Bild: Im Inneren der AfD agieren Rechtsextreme
Dieses Jahr wurden bei [1][Kassel] und in [2][Halle] Menschen von
Rechtsterroristen ermordet – darunter ein Politiker. In Thüringen ziehen es
Teile der Partei, für die dieser Politiker aktiv war, in Erwägung, die
Regierungsverantwortung mit Björn Höcke zu teilen, der über ein [3][„groß
angelegtes Remigrationsprojekt“ mit „wohltemperierter Grausamkeit“
nachdenkt.]
Die letzten Monate haben verdeutlicht, dass von rechten Kräften eine Gefahr
sowohl für Leib und Leben als auch für die Demokratie ausgeht. Während die
Gesellschaft insgesamt offener wird, drängen Rechte auf eine radikale
Umkehr dieser Entwicklung. Der Sozialwissenschaftler Sebastian Friedrich
spricht hier von der [4][„Formierung eines rechten Projekts“].

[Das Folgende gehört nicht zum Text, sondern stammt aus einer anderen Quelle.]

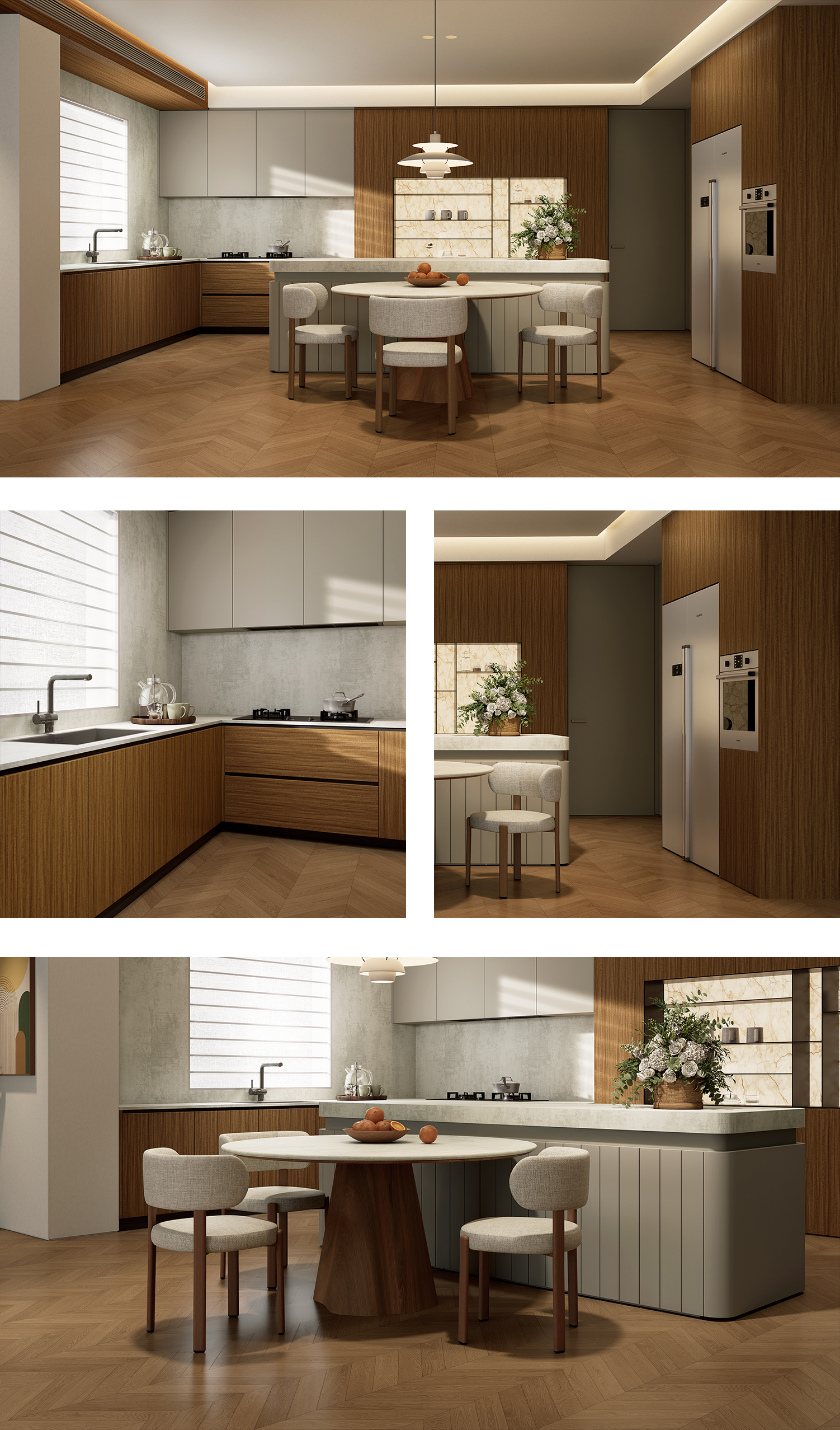 金柚木靈感源自熱帶森林中珍貴的柚木,承載著歲月的記憶。其紋理如流淌的金色河流,紋理直,少量波浪形或交錯狀,微砂感工藝還原柚木的真實肌理,觸手溫潤細膩。以醇厚的大地色調金色為基調,完美契合北歐的簡約、新中式的典雅與復古韻味,適用於房門、牆板、櫃門、櫃體及小件傢俱,為空間注入自然奢華的氣息。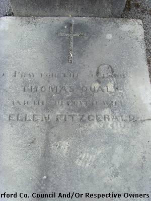 Garranbane Graveyard Co. Waterford. Pray for the souls of Thomas Qualy; And his beloved wife. Ellen Fitzgerald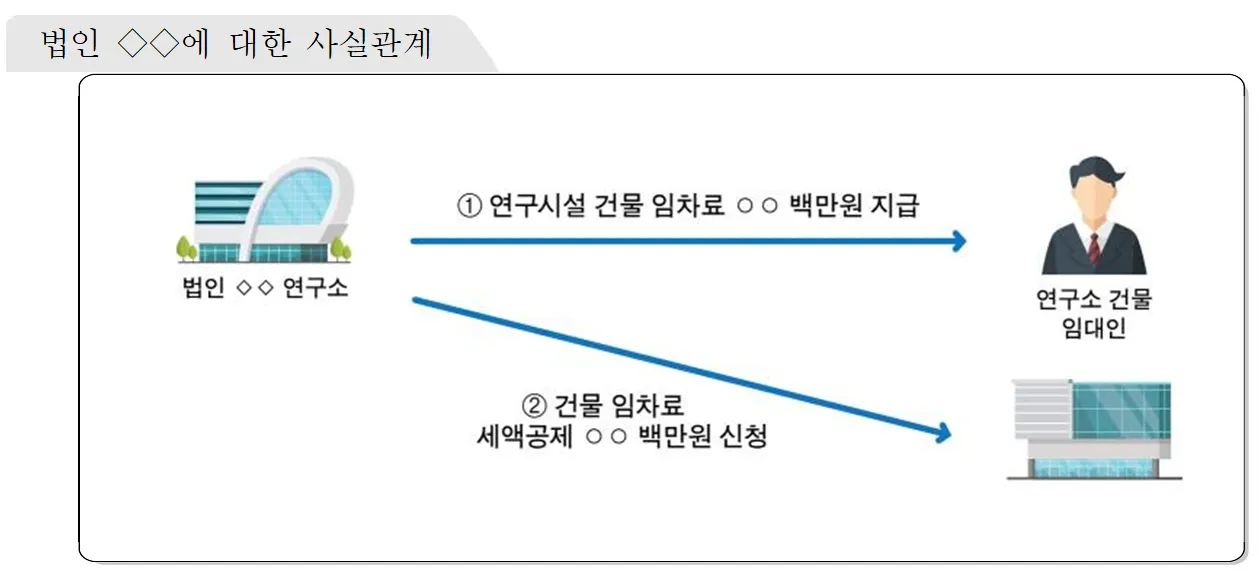 • 법인 ◇◇는 자동차 제어장치를 제조하는 법인으로 연구실 시험과정에서 사용하는 시제품 제작에 사용되는 부품 외에 연구시설 건물의 임차료 ○○백만원을 재료비로 분류하여 연구・인력개발비 세액공제 신청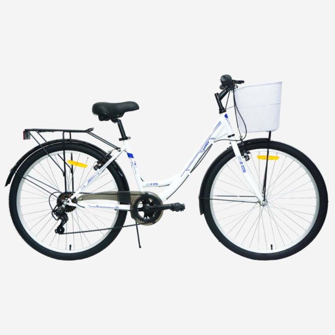 Bicicleta de 26″ cuadro holandés, para niñas a partir de 12 años que miden de 145 cm a 165 cm, con cambio Shimano 7 velocidades, neumáticos de 26 x 2’1, llantas de aluminio, reflectantes para ser visto y pata de cabra. Fácil montaje, viene con el 85% montada, con libro de instrucciones.
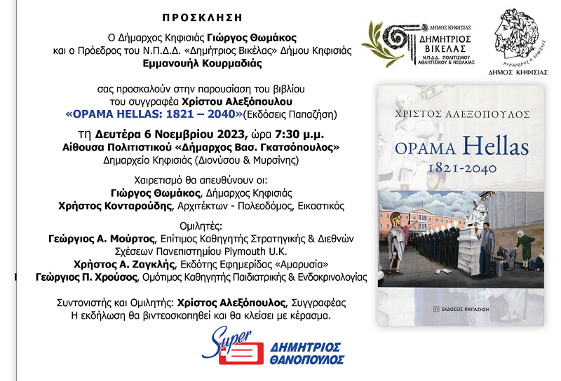 Ο Δήμαρχος Κηφισιάς Γιώργος Θωμάκος και ο Πρόεδρος του Ν.Π.Δ.Δ. «Δημήτριος Βικέλας» Δήμου Κηφισιάς Εμμανουήλ Κουρμαδιάς σας προσκαλούν στην παρουσίαση του βιβλίου του συγγραφέα Χρίστου Αλεξόπουλου «ΟΡΑΜΑ HELLAS: 1821 – 2040» (Εκδόσεις Παπαζήση) τη Δευτέρα 6 Νοεμβρίου 2023, ώρα 7:30 μ.μ. στην Αίθουσα Πολιτιστικού «Δήμαρχος Βασ. Γκατσόπουλος» Δημαρχείο Κηφισιάς (Διονύσου & Μυρσίνης).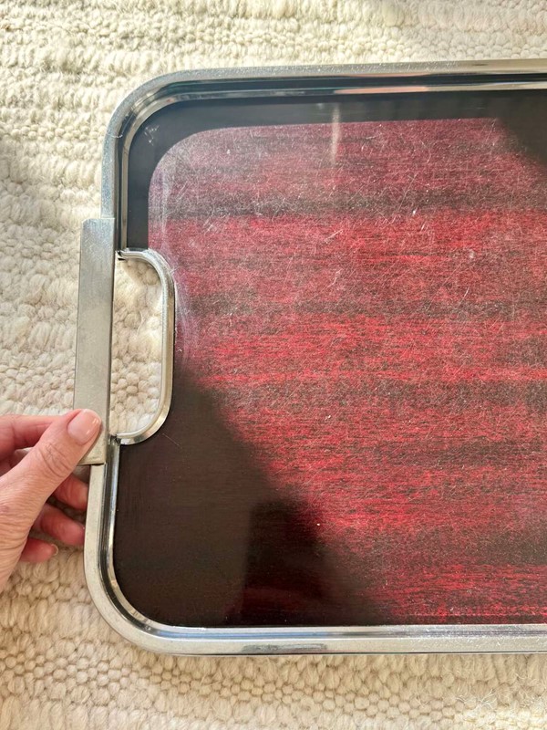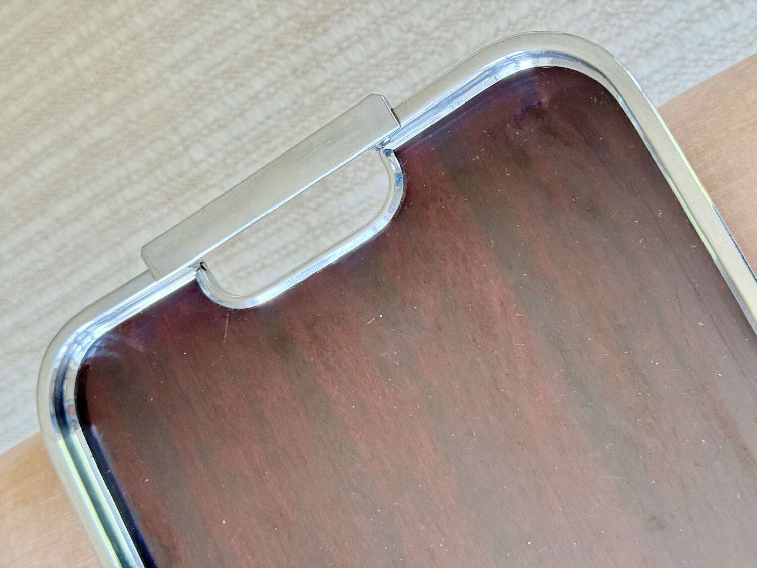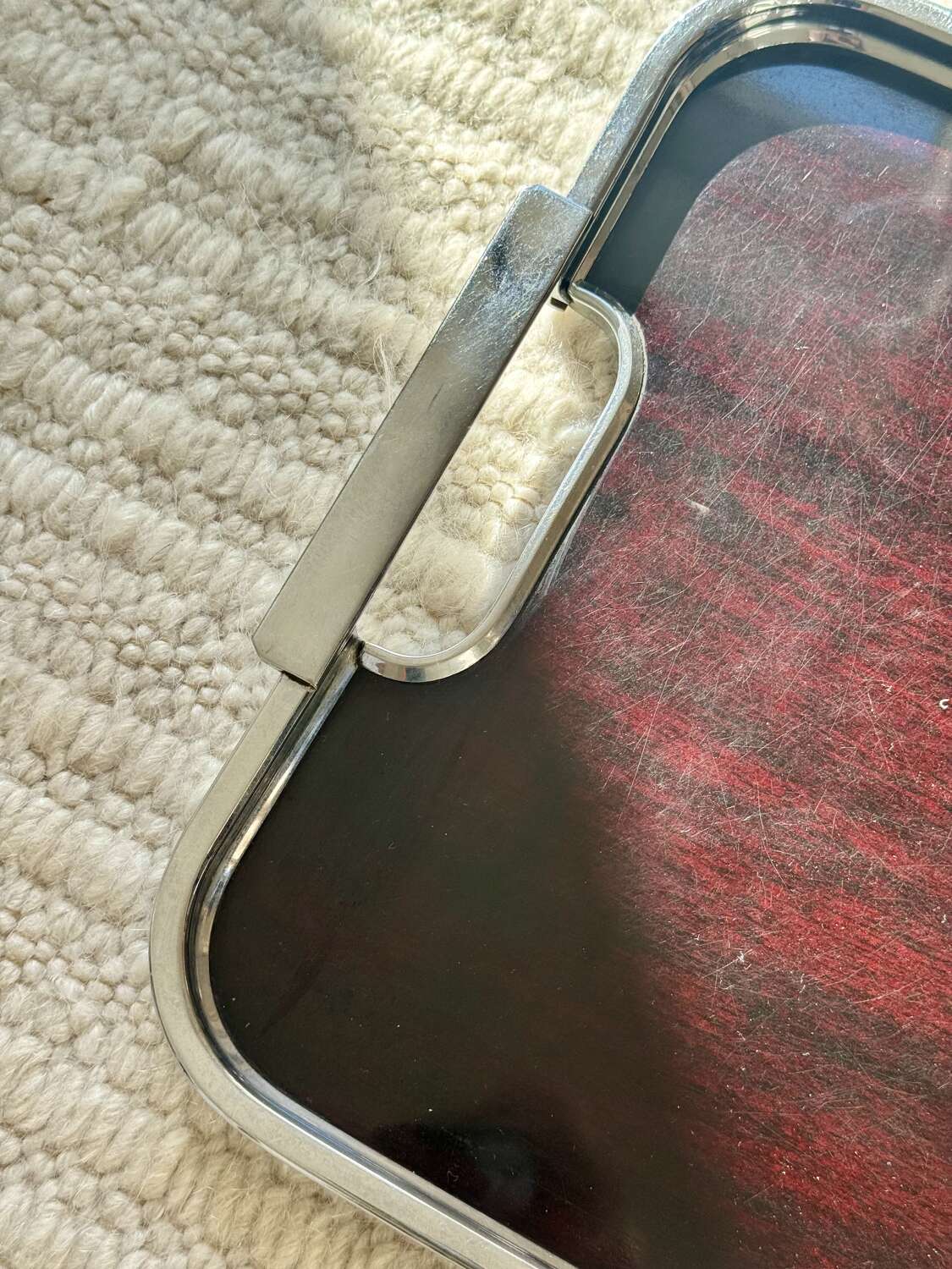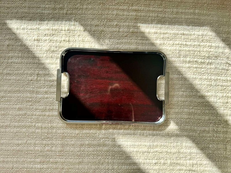 A good quality English Art Deco wooden effect Bakelite and chrome serving tray, Circa 1930s with original makers branding to the base identifying 'Besway Chromo tray' with a Patent number. This stylish tray is perfect for indoor/outdoor use.

Darum, wie die Akteure dieses Projekts bezeichnet werden sollten, wird
heftig gerungen. Mittlerweile darf man Gerichtsurteilen zufolge Björn Höcke
als einen Faschisten, den „Flügel“ als „immer extremistischer“ und die
ganze AfD als „rechtsextremistisch“ bezeichnen. Doch nur weil eine
Bezeichnung erlaubt ist, ist sie nicht unbedingt analytisch sinnvoll. Wie
also sollten die Akteure des rechten Projekts bezeichnet werden?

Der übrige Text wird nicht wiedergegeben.